Не забудем ещё одно – не последнее по своей важности – обстоятельство. Наличие нескольких могущественных соперников в борьбе за панэллинскую гегемонию делало не вполне устойчивым положение присоединённых каждым из них городов. Положиться на них в полной мере было уже невозможно, и в этих условиях многие из насильно присоединяемых получали возможность проводить какую-то свою линию, которая также подрывала экономические и мобилизационные возможности гегемонов. Появление же внешнего фактора, каким со временем станет Македонское царство Филиппа V, резко повышало значимость этого обстоятельства.
Наконец, необходимо упомянуть ещё об одном. Распространение своей гегемонии на все большие и большие пространства пусть и способствовало обогащению военно-политического центра, но отнюдь не укрепляло общую мощь формируемого им союза. Включение в свою орбиту новых земель и обкладывание их чувствительной данью, конечно, вело к обогащению гегемона, но одновременно подрывало экономику тех, кто вынужден был подчиняться его политической воле, ведь это обогащение достигалось простым перераспределением ресурсов (если не сказать грабежом союзников), а вовсе не их умножением. Однако могущество государства в конечном счёте определяется не объёмами трофеев, но развитием его производительных сил. Где этого не происходит, может существовать лишь временное превосходство, но там, за обозримым историческим горизонтом, полис оказывается обречённым на стагнацию и разложение. Однако, несмотря ни на что атакующий город озабочен только одним – чисто военным преобладанием, он не глядит в далёкое будущее; в сущности, это самое детство человечества, а во всяком детстве сегодняшний успех кажется обеспеченным навсегда.
С наибольшей отчётливостью это видно на примере Спарты. Это государство поставило едва ли не в центр своей политики всяческое воспрепятствование любому развитию; сохранение доставшегося от отцов уклада – вот что заботит её больше всего. Для того, чтобы понять, что сумма трофеев, размер дани, регулярно поставляемой всеми «союзниками», – это ещё вовсе не то богатство, которое может надёжно обеспечить будущее, нужна государственная мудрость. Однако ни демос, ни (тем более) охлос, ни даже аристократия, ещё не обладают мудростью, их забота – только сиюминутность. Всё это – только в ещё более выраженной и контрастной форме – мы увидим в Риме. Именно небрежение развитием собственных производительных сил станет одной из причин и его исторического поражения.

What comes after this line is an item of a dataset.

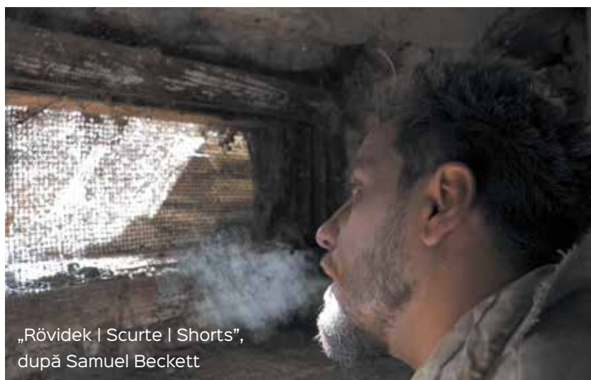
„Rövidek | Scurte | Shorts”, după Samuel Beckett

Văd mai degrabă această perioadă ca pe una de tranziție spre următoare inovații notabile. Trendul din 2021 îl continuă pe cel din 2020, ca răspuns la provocările impuse de pandemie. De aceea, în condițiile în care multe producții care au avut premiera în 2020 s-au jucat o singură dată cu public

Впрочем, «небрежение» – наверное всё-таки не то слово, которое должно быть употреблено здесь. В действительности на развитие производительных сил демократического полиса накладывает свою печать всё та же мифологема свободы. Свобода государства – это далеко не в последнюю очередь и его полная хозяйственная независимость. А ещё свобода – это постоянная готовность к войне со всеми её врагами. Готовность же к вооружённому противостоянию чуть ли не всему, что расположено за периметром границ его «союза», тем более исключает какую бы то ни было зависимость полиса от явного ли, потенциального… любого противника. Поэтому экономика демократического государства обязана, больше того – обречена быть автаркичной (от греч. autarkeia – самоудовлетворение), то есть абсолютно герметичной, замкнутой в рамках государственных границ. Конечно, полной автаркии достичь никому никогда не удавалось, но тенденция к хозяйственной самоизоляции тем сильней, чем острее жажда свободы. Меж тем автаркия пусть и позволяет создать временное военное преобладание над противником, но всё же в конечном счёте наносит невосполнимый ущерб любой экономике. Это ещё будет доказано историей не только античного мира.
Кстати, именно такой взгляд демократического полиса на свою свободу, а значит и на автаркию, порождал не просто идеологию – настоящий культ бедности. Именно бедность связывалась им с добродетелью, богатство и роскошь приличествовали только рабству и были неотделимы от всех связанных с ними пороков. Плутарх от имени Александра говорит: «Разве не видят они, сравнивая свой образ жизни с образом жизни персов, что нет ничего более рабского, чем роскошь и нега».[151] Тит Ливий уже в Предисловии к своему грандиозному труду (11—12) пишет: «Не было никогда государства более великого, более благочестивого, более богатого добрыми примерами, куда алчность и роскошь проникли бы так поздно, где так долго и так высоко чтили бы бедность и бережливость. Да, чем меньше было имущество, тем меньшею была жадность; лишь недавно богатство привело за собою корыстолюбие, а избыток удовольствий – готовность погубить все ради роскоши и телесных утех».[152] «Начало порчи и недуга Лакедемонского государства, – пишет Плутарх, – восходит примерно к тем временам, когда спартанцы, низвергнув афинское владычество, наводнили собственный город золотом и серебром»[153].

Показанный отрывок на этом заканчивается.